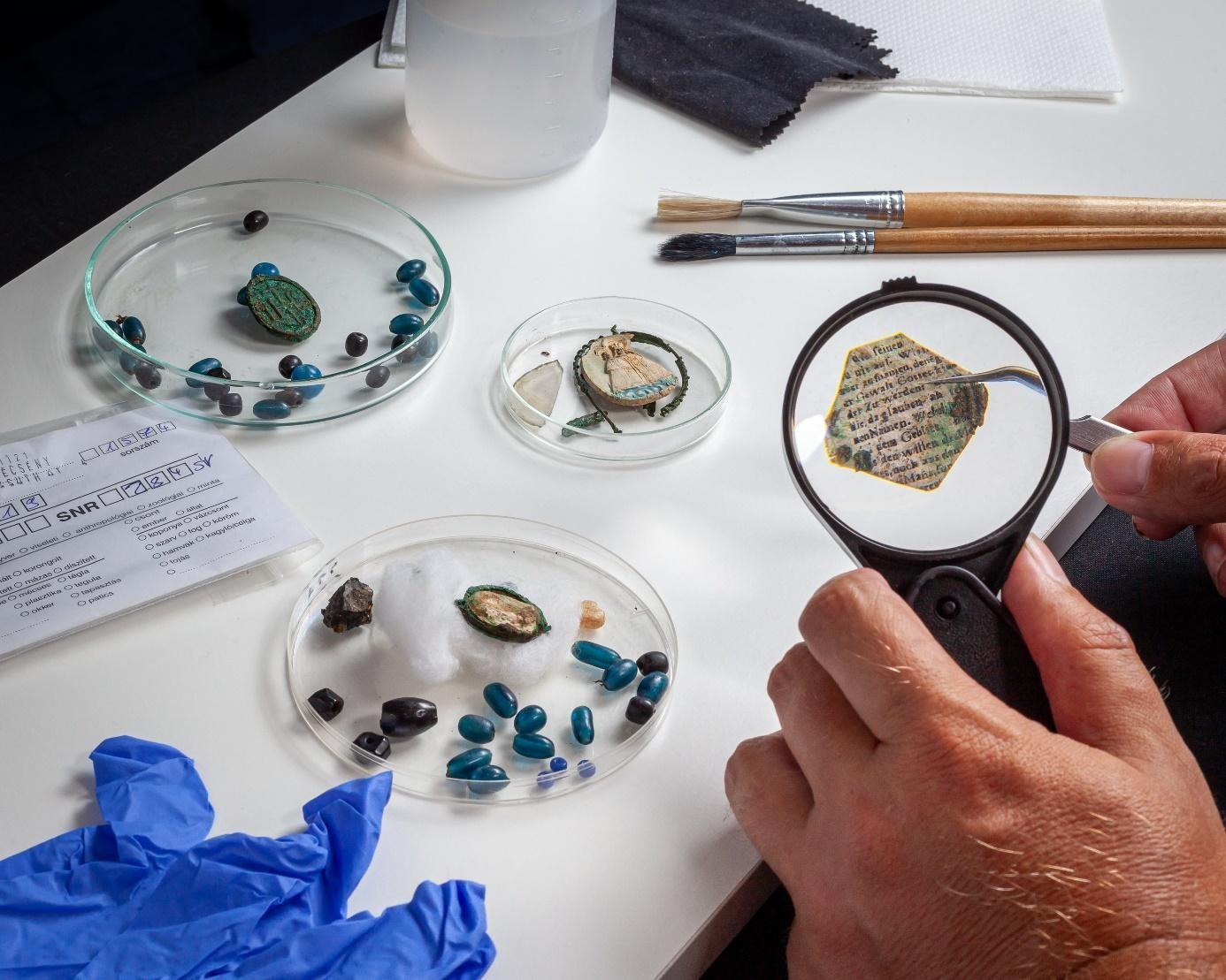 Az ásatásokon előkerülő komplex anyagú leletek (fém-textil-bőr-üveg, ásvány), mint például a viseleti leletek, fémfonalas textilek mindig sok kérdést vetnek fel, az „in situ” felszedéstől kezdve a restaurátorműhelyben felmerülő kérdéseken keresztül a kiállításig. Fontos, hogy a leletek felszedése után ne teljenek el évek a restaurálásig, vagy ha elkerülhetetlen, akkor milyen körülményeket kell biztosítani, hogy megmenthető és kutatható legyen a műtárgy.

*-*-*

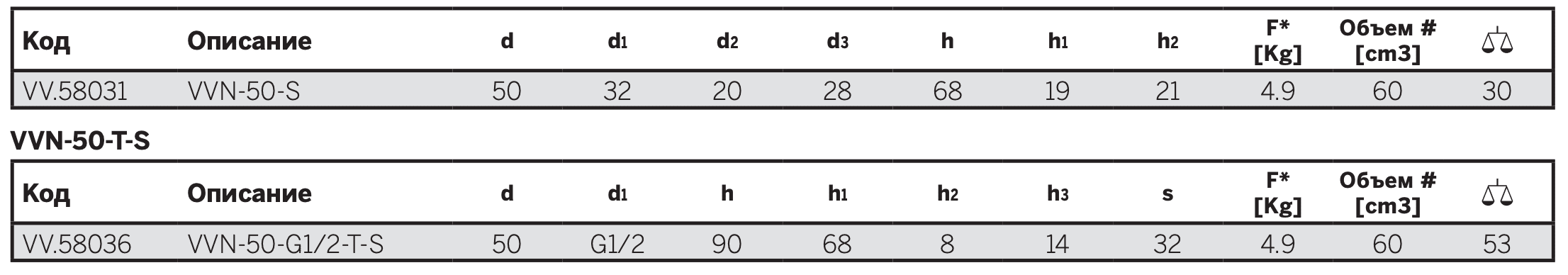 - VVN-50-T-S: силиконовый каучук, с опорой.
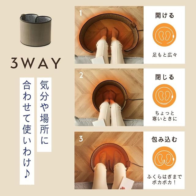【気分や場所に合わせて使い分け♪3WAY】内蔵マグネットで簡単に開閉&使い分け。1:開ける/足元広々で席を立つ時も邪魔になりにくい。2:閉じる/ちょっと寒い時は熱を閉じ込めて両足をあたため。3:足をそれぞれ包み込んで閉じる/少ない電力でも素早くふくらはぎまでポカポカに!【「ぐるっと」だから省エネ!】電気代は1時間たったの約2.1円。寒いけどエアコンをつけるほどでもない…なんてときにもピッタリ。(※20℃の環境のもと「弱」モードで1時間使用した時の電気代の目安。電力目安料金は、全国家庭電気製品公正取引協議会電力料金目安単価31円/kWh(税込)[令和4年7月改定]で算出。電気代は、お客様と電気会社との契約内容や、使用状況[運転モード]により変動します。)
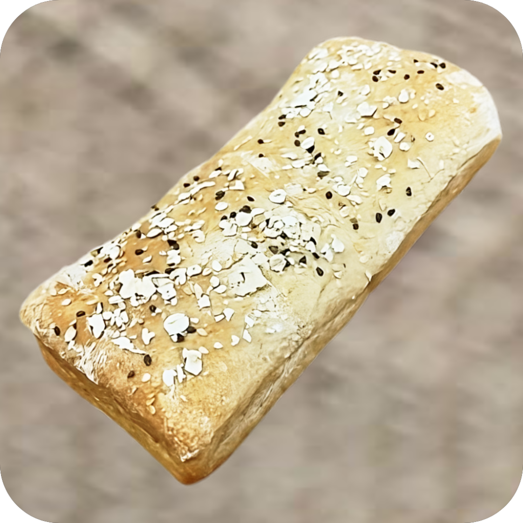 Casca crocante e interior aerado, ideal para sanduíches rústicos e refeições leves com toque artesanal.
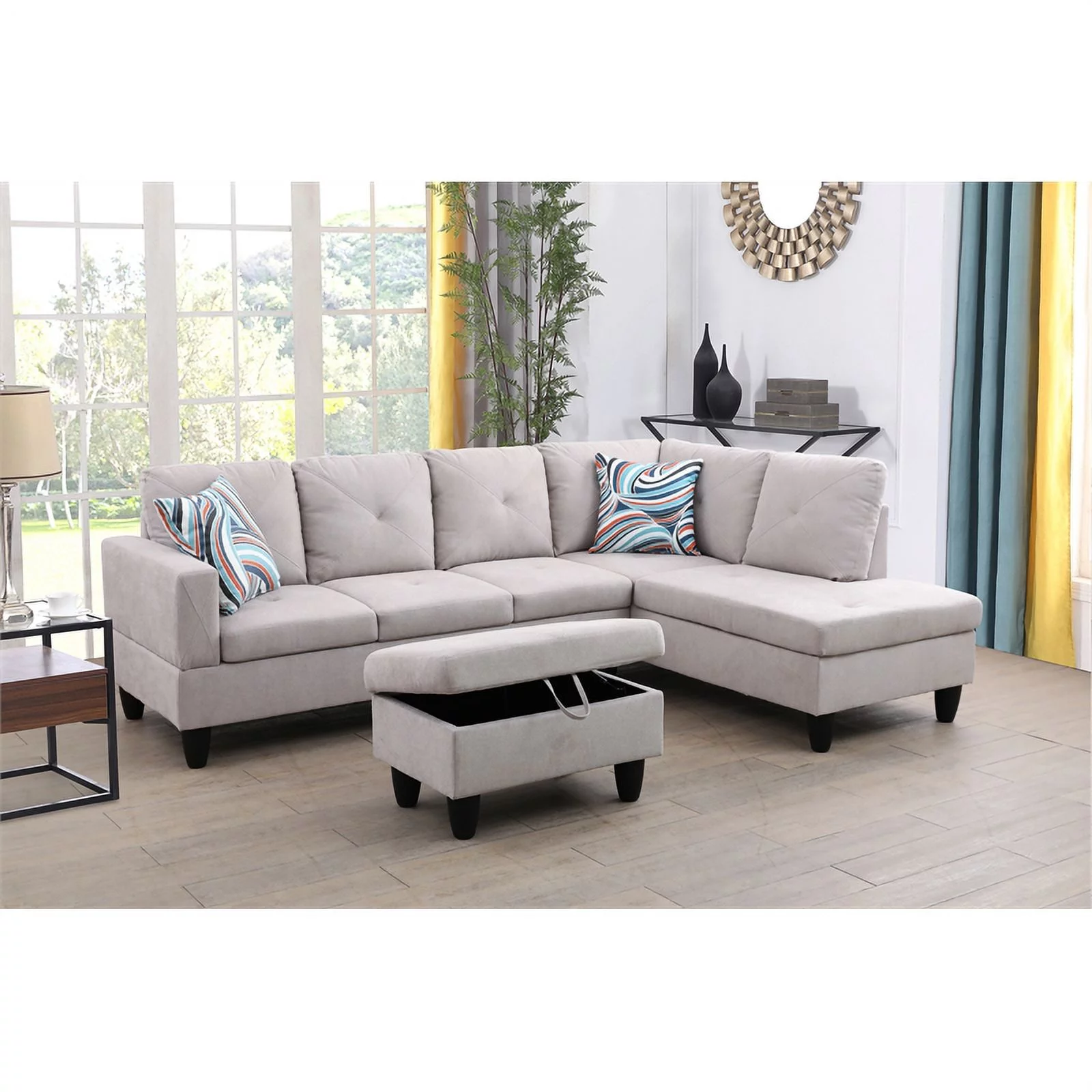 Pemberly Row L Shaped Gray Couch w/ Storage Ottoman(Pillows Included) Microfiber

*-*-*

*The problem*
Repeat exactly the lines above, from the line that contains "Casca crocante e" down through the line that contains "Pemberly Row L". Include both of those lines and none of the pictures.

*Answer section*
 Casca crocante e interior aerado, ideal para sanduíches rústicos e refeições leves com toque artesanal.
 Pemberly Row L Shaped Gray Couch w/ Storage Ottoman(Pillows Included) Microfiber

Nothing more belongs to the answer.